Rod Rosenstein, deputy attorney general of the United States, delivers a lecture on white-collar crime at the New York City Bar Association on May 9, 2018. (Photo: David Handschuh/NYLJ)

The U.S. Department of Justice will no longer “pile on” enforcement penalties against white-collar offenders in an effort to avoid what Deputy Attorney General Rod Rosenstein called “unfair duplicative penalties” in remarks delivered Wednesday morning.

Rosenstein, whose speech kicked off the New York City Bar Association's annual white-collar crime institute, pitched the policy change as a way of streamlining enforcement across agencies, while addressing fairness concerns he said were coming from within the DOJ itself.

“Our prosecutors and civil enforcement attorneys prize the department's reputation for fairness,” Rosenstein said. “They understand the importance of protecting our brand. They asked for support in coordinating internally and with other agencies to achieve reasonable and proportionate outcomes in major corporate investigations.”

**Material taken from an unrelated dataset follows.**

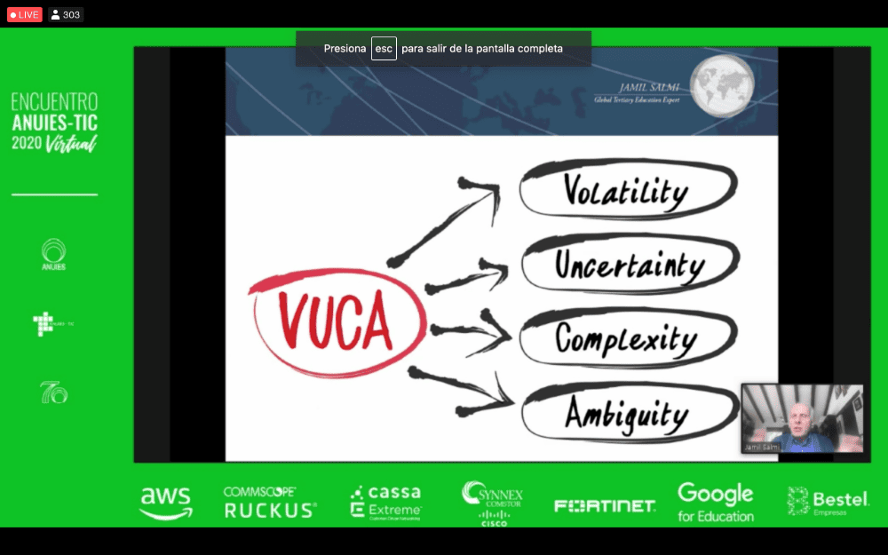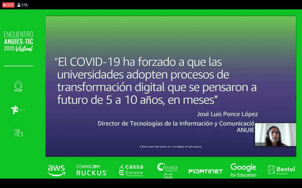 Debido a la situación sanitaria global, el Encuentro ANUIES-TIC se realizó de forma virtual en colaboración con la Universidad Veracruzana, abordando el tema de "La Continuidad Académica Digital en las Instituciones de Educación Superior".

The deputy AG said companies are deprived of the benefits of certainty and finality when faced by a multi-agency “pile-on” investigation. Innocent employees, customers and investors who want to resolve the issue and move on needed to be considered. And the department needed to weigh resources being devoted to “an old scheme” versus “fighting a new one.”

“This is another step towards greater transparency and consistency in corporate enforcement,” Rosenstein said. “To reduce white-collar crime, we need to encourage companies to report suspected wrongdoing to law enforcement and to resolve liability expeditiously.”

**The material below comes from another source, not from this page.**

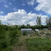 Участок правильной прямоугольной формы, по задней части свой выход в рощу. С двух сторон живут соседи. Хорошая плодородная почва, растут плодовые деревья и кустарники.

Rosenstein noted that, on principle, companies should not have the threat of prosecution hung over their heads solely to persuade them to settle for big amounts in civil cases.

The new department policy, then, will mean greater coordination inside the department to “achieve an overall equitable result” for companies being investigated. This may include the crediting of financial penalties, and other “means of avoiding disproportionate punishment.”

The department will also seek to coordinate with other federal partners, as well as state, local and foreign authorities, when seeking to resolve a case with a company for the same misconduct.

Prosecutors will be directed to weigh a series of factors, including the seriousness of the wrongdoing, statutory penalty mandates, the risk of delay in bringing closure, and how well a company behaved in the process.

Rosenstein pointedly noted that “cooperating with a different agency or a foreign government is not a substitute for cooperating” with the DOJ, and the department “will not look kindly” should companies come to the DOJ only after having failed to play the various actors for a better deal elsewhere.

In the end, Rosenstein said the goal is deterrence, which means keeping the focus on individuals, rather than simply punishing companies as harshly as possible. The hope is that this focus will incentivize companies into cooperating early and often when these kinds of actions arise.

“Corporate settlements do not necessarily directly deter individual wrongdoers,” Rosenstein said. “They may do so indirectly, by incentivizing companies to develop and enforce internal compliance programs. But at the level of each individual decision-maker, the deterrent effect of a potential corporate penalty is muted and diffused. Our goal in every case should be to make the next violation less likely to occur by punishing individual wrongdoers.”

Rosenstein noted that some skeptics may wonder how good a policy that was only internal to the department and not, as he acknowledged, enforceable in court is really going to be. Based on his years of experience, he said the policies do have an impact on the discretion prosecutors take in their cases.

“We don't want to limit the discretion of the Department of Justice. What we want to do is channel and guide it, and make sure that all of our employees are following the same general guidelines,” the deputy AG said.